[[ Material provided open ]]

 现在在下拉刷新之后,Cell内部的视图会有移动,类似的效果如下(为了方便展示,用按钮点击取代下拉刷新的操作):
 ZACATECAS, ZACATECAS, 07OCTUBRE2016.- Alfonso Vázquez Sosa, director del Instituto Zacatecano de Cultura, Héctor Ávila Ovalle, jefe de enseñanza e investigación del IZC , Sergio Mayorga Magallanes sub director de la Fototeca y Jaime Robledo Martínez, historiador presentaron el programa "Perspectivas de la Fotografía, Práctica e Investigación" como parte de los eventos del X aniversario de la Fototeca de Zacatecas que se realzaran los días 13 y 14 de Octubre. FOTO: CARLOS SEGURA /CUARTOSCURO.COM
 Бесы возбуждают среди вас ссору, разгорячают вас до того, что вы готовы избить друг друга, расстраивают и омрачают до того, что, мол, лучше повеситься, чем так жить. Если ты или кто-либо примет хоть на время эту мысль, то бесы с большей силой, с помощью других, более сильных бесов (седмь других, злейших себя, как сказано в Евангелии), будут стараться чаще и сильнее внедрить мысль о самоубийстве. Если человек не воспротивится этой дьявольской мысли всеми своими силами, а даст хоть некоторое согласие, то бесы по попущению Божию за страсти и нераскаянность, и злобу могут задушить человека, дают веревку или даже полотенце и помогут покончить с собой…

[[ Material provided closed ]]
[[ Material provided open ]]

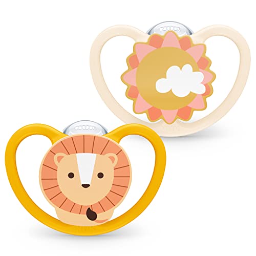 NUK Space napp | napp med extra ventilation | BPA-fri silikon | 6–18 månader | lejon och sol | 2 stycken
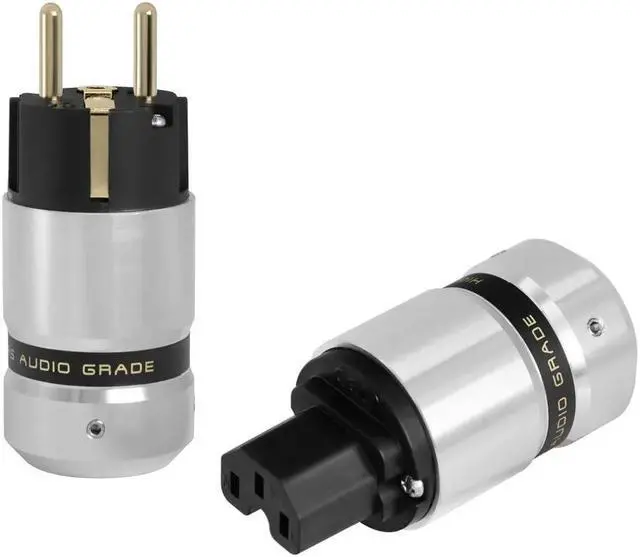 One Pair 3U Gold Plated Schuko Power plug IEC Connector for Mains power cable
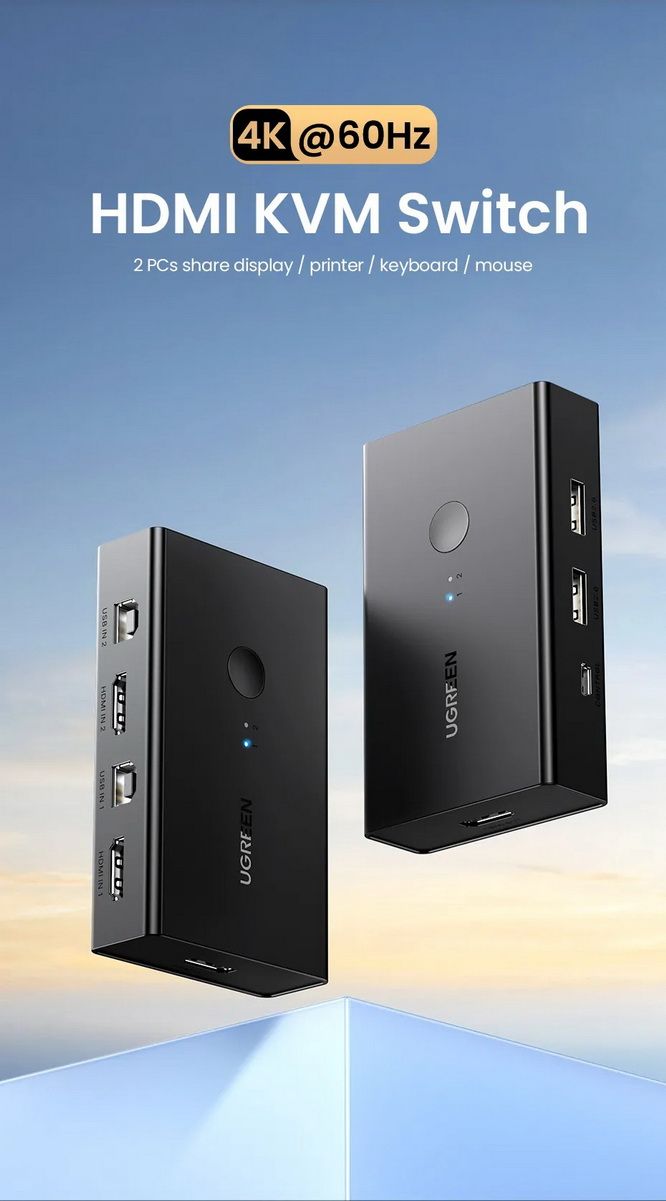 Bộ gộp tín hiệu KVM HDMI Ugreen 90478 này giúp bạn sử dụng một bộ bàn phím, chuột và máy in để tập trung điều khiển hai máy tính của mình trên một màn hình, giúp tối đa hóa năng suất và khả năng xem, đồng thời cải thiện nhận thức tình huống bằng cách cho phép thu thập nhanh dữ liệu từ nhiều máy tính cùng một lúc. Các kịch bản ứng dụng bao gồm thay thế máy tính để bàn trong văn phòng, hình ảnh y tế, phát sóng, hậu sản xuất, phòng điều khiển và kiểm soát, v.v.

[[ Material provided closed ]]
[[ Material provided open ]]

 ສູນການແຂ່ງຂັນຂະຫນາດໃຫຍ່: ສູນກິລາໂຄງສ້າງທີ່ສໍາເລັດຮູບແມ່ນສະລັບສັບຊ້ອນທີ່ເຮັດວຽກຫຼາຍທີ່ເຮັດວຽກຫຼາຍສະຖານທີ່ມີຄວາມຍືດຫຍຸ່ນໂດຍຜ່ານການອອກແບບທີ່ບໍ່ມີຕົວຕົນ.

[[ Material provided closed ]]

All lines above from the one with "现在在下拉刷新之后,Cell" to the one with "Бесы возбуждают среди", inclusive, should be copied exactly, and no other lines.

:: Expected output ::
 现在在下拉刷新之后,Cell内部的视图会有移动,类似的效果如下(为了方便展示,用按钮点击取代下拉刷新的操作):
 ZACATECAS, ZACATECAS, 07OCTUBRE2016.- Alfonso Vázquez Sosa, director del Instituto Zacatecano de Cultura, Héctor Ávila Ovalle, jefe de enseñanza e investigación del IZC , Sergio Mayorga Magallanes sub director de la Fototeca y Jaime Robledo Martínez, historiador presentaron el programa "Perspectivas de la Fotografía, Práctica e Investigación" como parte de los eventos del X aniversario de la Fototeca de Zacatecas que se realzaran los días 13 y 14 de Octubre. FOTO: CARLOS SEGURA /CUARTOSCURO.COM
 Бесы возбуждают среди вас ссору, разгорячают вас до того, что вы готовы избить друг друга, расстраивают и омрачают до того, что, мол, лучше повеситься, чем так жить. Если ты или кто-либо примет хоть на время эту мысль, то бесы с большей силой, с помощью других, более сильных бесов (седмь других, злейших себя, как сказано в Евангелии), будут стараться чаще и сильнее внедрить мысль о самоубийстве. Если человек не воспротивится этой дьявольской мысли всеми своими силами, а даст хоть некоторое согласие, то бесы по попущению Божию за страсти и нераскаянность, и злобу могут задушить человека, дают веревку или даже полотенце и помогут покончить с собой…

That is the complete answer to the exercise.